# England



## PARAGUAY (28 Jun 2016)




----------



## dw1305 (28 Jun 2016)

Hi all,





PARAGUAY said:


>


 Pretty much sums it up.

Well beaten by a country with a population the size of Coventry, whose main weapon was the long-throw. 

cheers Darrel


----------



## Sk3lly (28 Jun 2016)

Was anyone really ever surprised though?? 

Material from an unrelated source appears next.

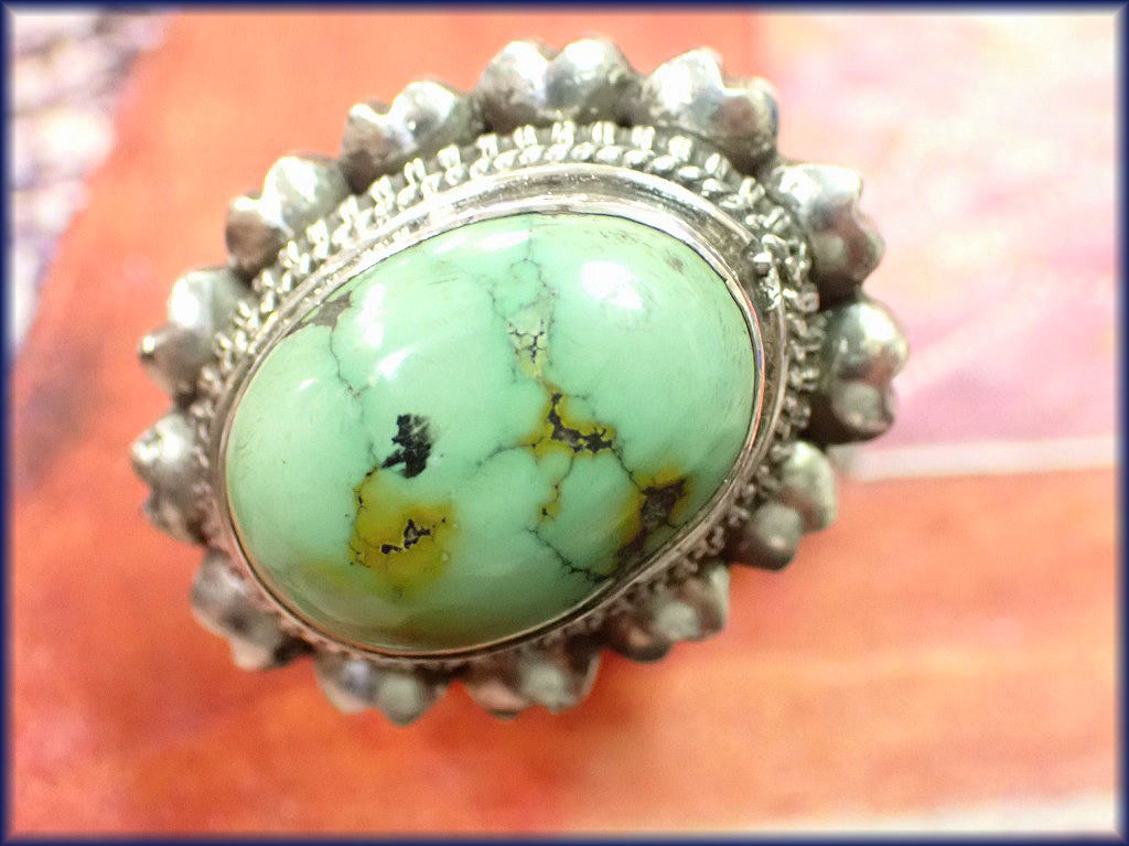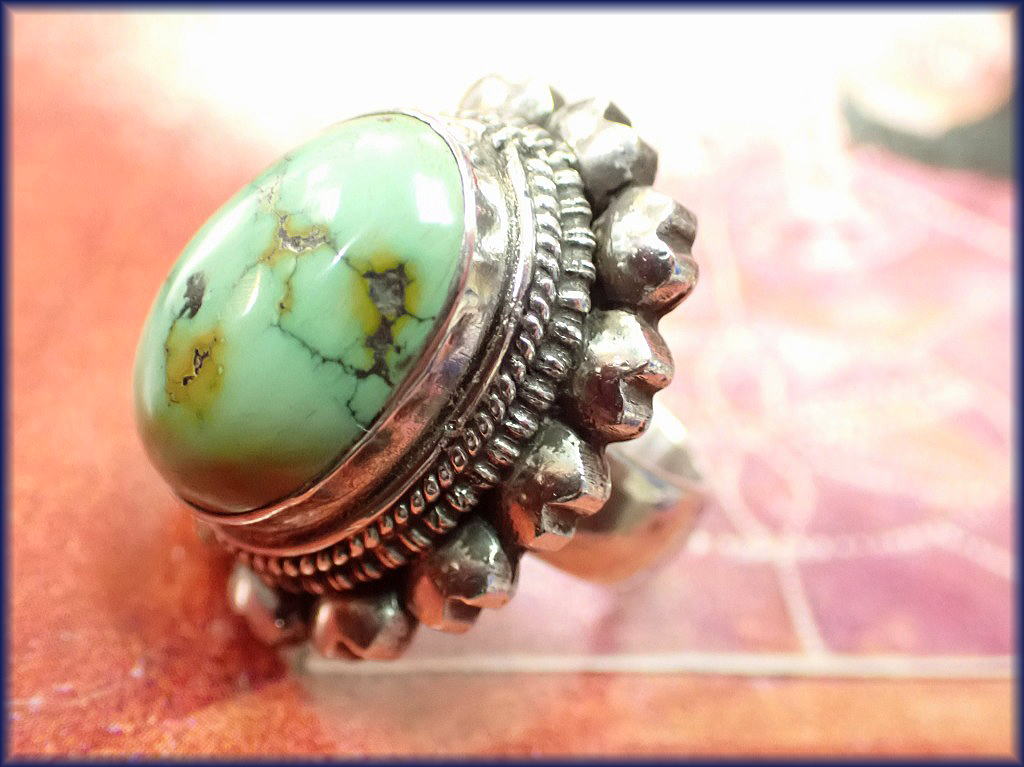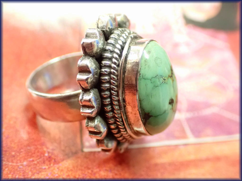 チベタン ターコイズ シルバーリング ネパールの工房より 6800円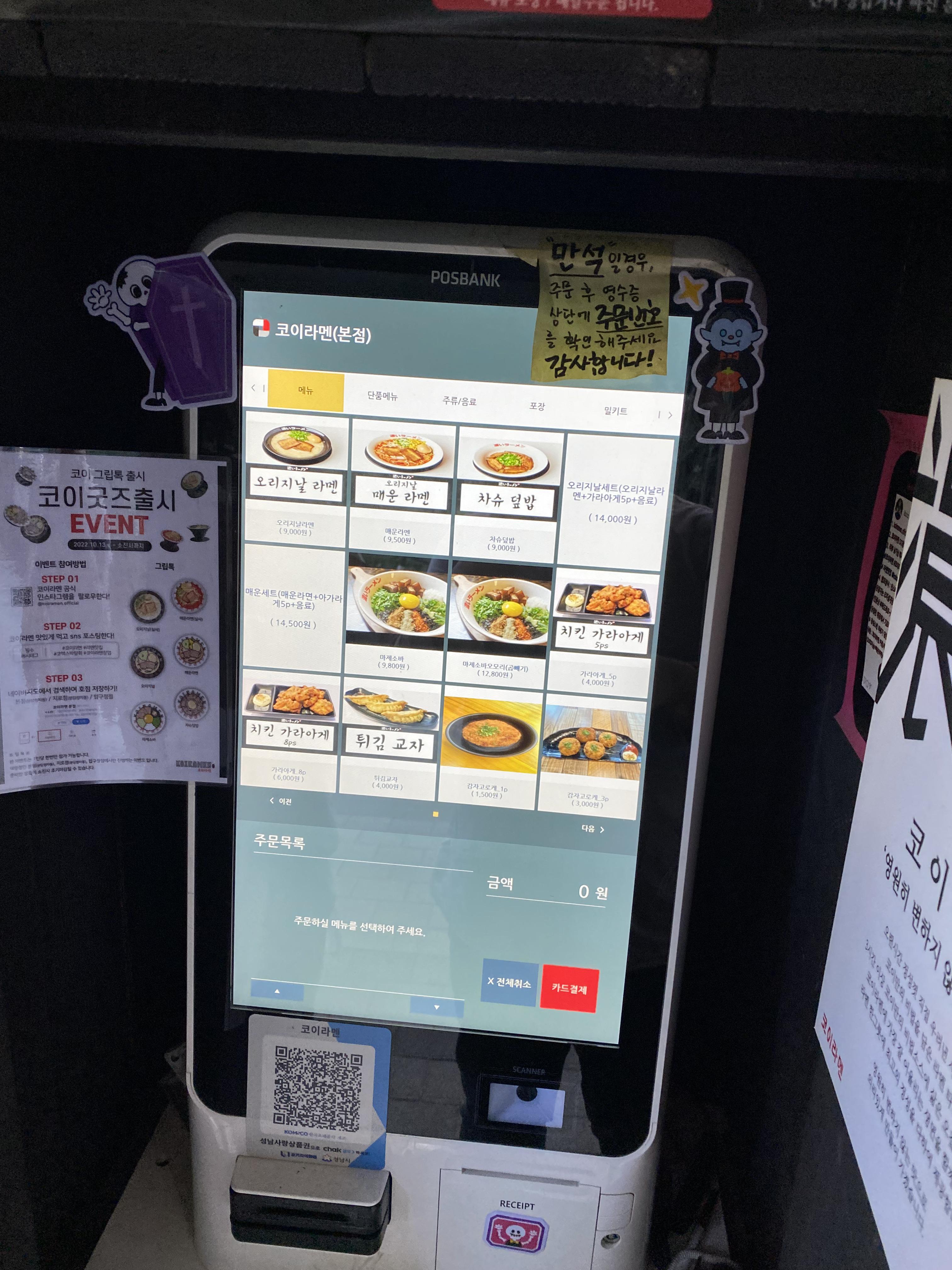 입구에서 키오스크로 주문해 들어갈 수 있습니다.

Same old England. Promise so much but never ever deliver. Bottle jobs


Sent from my iPhone using Tapatalk


----------



## stu_ (28 Jun 2016)

Chris Waddle's verdict.
Classic rant !


----------



## dan4x4 (28 Jun 2016)

terrible  - they are deaf not our best 11


----------



## PARAGUAY (28 Jun 2016)

We are used to disappointment as SK3lly says but this was shocking no passion , I noticed players looking towards Rooney who had a blank expression,no leaders on the pitch,the manager when he ventured to touchline looking more like a grandad who lost his bus pass in town, hardly an inspiration,his resignation speech seemed to have been written earlier in anticipation of defeat?Maybe it was not tongue in cheek when Gareth Bale said none of the English team would get in the Welsh team!.Maybe Dyke and co should go too the FA run the show without any underrstanding of the country or the fans.When the manager is on 3 million plus and the captain earns 300,000 a week and we cant beat Iceland -well words fail


----------



## stu_ (29 Jun 2016)

English cricket recovers under an Aussie. 
English rugby recovers under an Aussie.
English footie.....


----------



## Sk3lly (29 Jun 2016)

stu_ said:


> English cricket recovers under an Aussie.
> English rugby recovers under an Aussie.
> English footie.....


No hope! Lol


Sent from my iPhone using Tapatalk


----------



## Bill Chan (29 Jun 2016)

Maybe you need Harry Kewell to coach?


----------



## dw1305 (29 Jun 2016)

Hi all,





Bill Chan said:


> Maybe you need Harry Kewell to coach?


or <"Mark Bosnich">,absolutely perfect for England.

Darrel


----------



## Tim Harrison (29 Jun 2016)

PARAGUAY said:


> When the manager is on 3 million plus and the captain earns 300,000 a week and we cant beat Iceland -well words fail



I think that maybe why they can't beat Iceland...
I've never really been a big fan of football (wrong shaped ball) but I used to enjoy the internationals; I gave up on England when football apparently came home 20 years ago...


----------